Il règne une atmosphère de légende autour du futur conquérant : des présages, des rêves où les dieux interviennent, des réponses de la Pythie de Delphes dont on ne comprend la teneur que trop tard, une scène dionysiaque qui m'a fortement rappelé la pièce d'
Euripide «
Les Bacchantes ». On a presque un pied dans la mythologie ; la guerre de Troie est d'ailleurs omniprésente dans le récit, même si elle est considérée ici comme de l'Histoire.
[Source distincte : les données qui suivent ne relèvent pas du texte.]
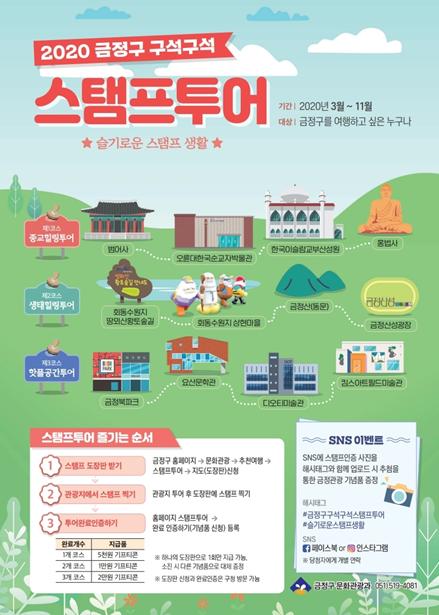 ‘금정 구석구석 스탬프 투어’는 작년에 이어 올해에도 관광 활성화 및 관광객 적극 유치를 위해 추진하는 것으로 생태관광해설사 투어연계, SNS이벤트 운영 등 다양한 재미를 더한다. SNS인증이벤트는 SNS(페이스북, 인스타그램)에 스탬프인증 사진을 업로드하면 추첨을 통해 구 관광기념품을 증정할 예정이다.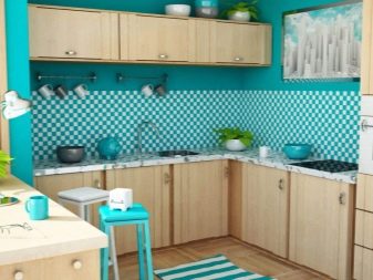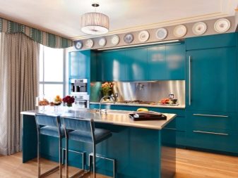 بالمناسبة ، سيكون التأثير النفسي للون الأزرق أيضًا مكافأة ممتازة للفتيات. يقول علماء النفس أن جميع درجات اللون الأزرق تقلل الشهية ، وتمنعنا من الأكل أكثر من المعتاد. لذلك ، إذا كنت مهتمًا بالحفاظ على الشكل الخاص بك في حالة ممتازة أو كنت تخطط فقط لفقدان الوزن ، فستساعدك الخلفية الزرقاء في المطبخ في ذلك..

Le récit privilégie quelques personnages tout en nous en présentant une flopée qui n'ont pas vraiment de profondeur et représentent seulement ce que l'Histoire sait d'eux. C'est un peu dommage concernant les « chevaliers de la Table Ronde » d'Alexandre, sa bande d'amis indéfectibles qui l'accompagneront au bout du monde : Lysimaque, Héphestion, Ptolémée, etc. Mais il y a déjà tellement à dire sur ceux qui sont plus approfondis. Alexandre a le rôle principal, bien sûr. L'auteur insiste beaucoup sur sa double nature : l'affamé de connaissances et de culture formé au raisonnement par
Aristote et le guerrier capable de céder à d'immenses colères du genre berserk. L'auteur le dédouane toutefois de la destruction de Thèbes. Selon lui la décision est venue du conseil de la ligue des anciennes villes dépendantes de Thèbes. Information historique ou conjecture ?
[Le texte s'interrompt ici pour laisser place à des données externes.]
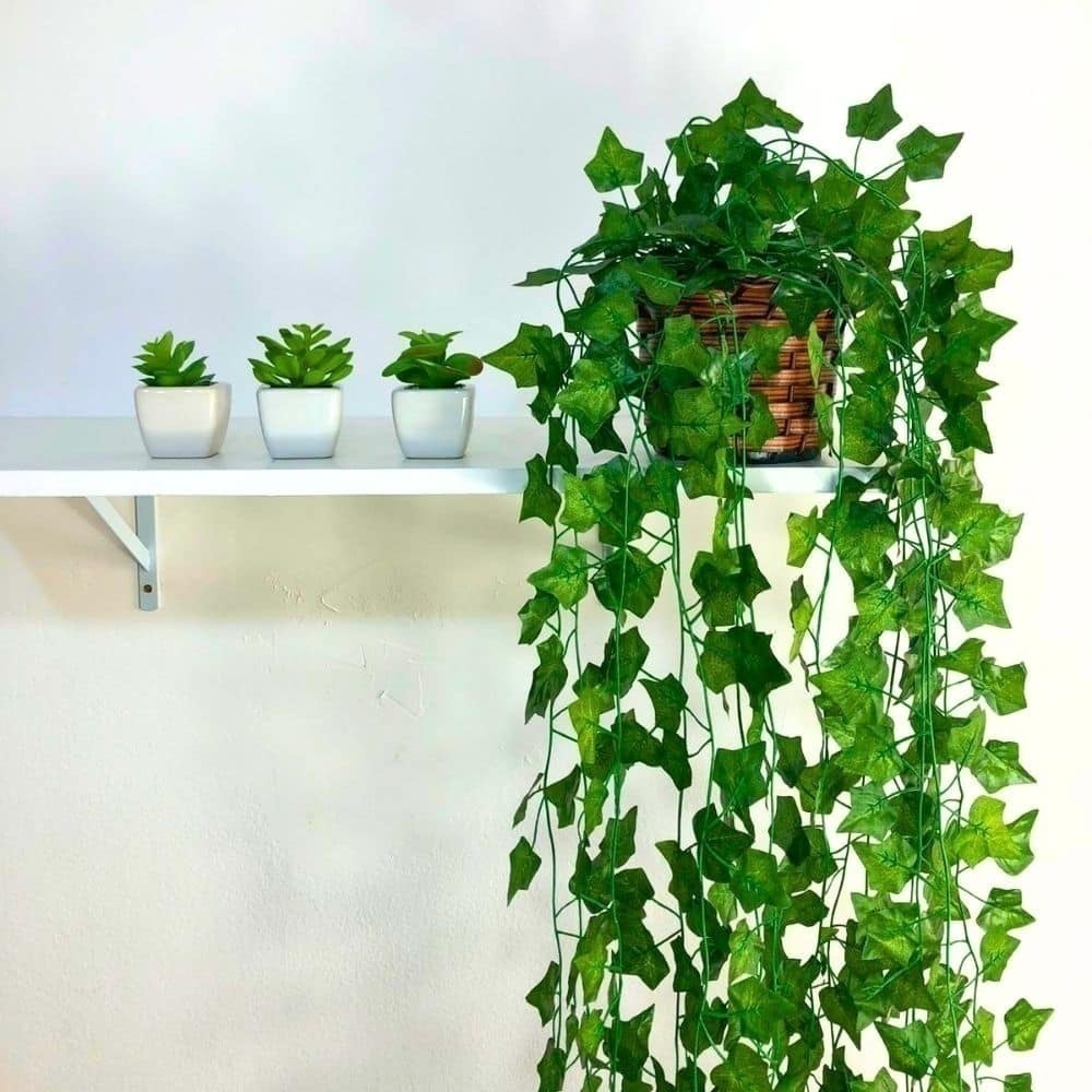 A hera artificial, também conhecida como trepadeira, é uma das folhagens mais procuradas para decoração vertical.

Son père Philippe II suit un petit cran derrière. On apprécie son sens politique, on saisit son ambition mais aussi son côté amateur de boisson et de femmes.
Valerio Manfredi présente une évolution père-fils très nette au cours des années, d'une profonde confiance vers une tension. J'ai trouvé intéressant de voir Alexandre perdre ses repères quand il apprend que la nouvelle épouse de son père donnait naissance à un fils. La fierté de part et d'autre provoque un clash qui aurait pu être définitif.
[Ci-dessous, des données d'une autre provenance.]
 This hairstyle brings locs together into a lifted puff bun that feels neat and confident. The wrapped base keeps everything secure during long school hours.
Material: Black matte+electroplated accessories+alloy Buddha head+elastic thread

Olympias est un autre personnage fascinant. Elle forme à elle seule une sorte d'opposition à Philippe. Elle protègera son rejeton quel qu'en soit le prix ; l'auteur n'hésite pas à la comparer à Clytemnestre et à
Médée, c'est dire.
Et bien sûr, il y a
Aristote. Il est ici la raison incarnée en homme et fait même acte d'enquêteur type
Sherlock Holmes. le passage de la formation d'Alexandre à Mieza était riche d'enseignement pour moi.
En joker, on apprend qu'Alexandre avait un « double » conquérant de l'occident. Alors qu'il part conquérir l'Asie, son oncle Alexandre d'Épire part du côté de l'Italie. J'ignorais tout de ce personnage qui mériterait son propre roman.
Valerio Manfredi prend le temps de décrire l'architecture, les costumes, les repas. C'est toute une époque qui prend vie. Les scènes de bataille sont bien rendues, même s'il leur manque un peu du dramatique du combat vu « de l'intérieur » (ma référence ici est
Paul Kearney et sa trilogie des Macht).
Je ressors très satisfait de cette lecture qui n'est encore qu'un hors d'oeuvre. J'espère que la suite sera aussi fascinante. Mais j'ai peu de doutes vu le talent et les connaissances de l'auteur.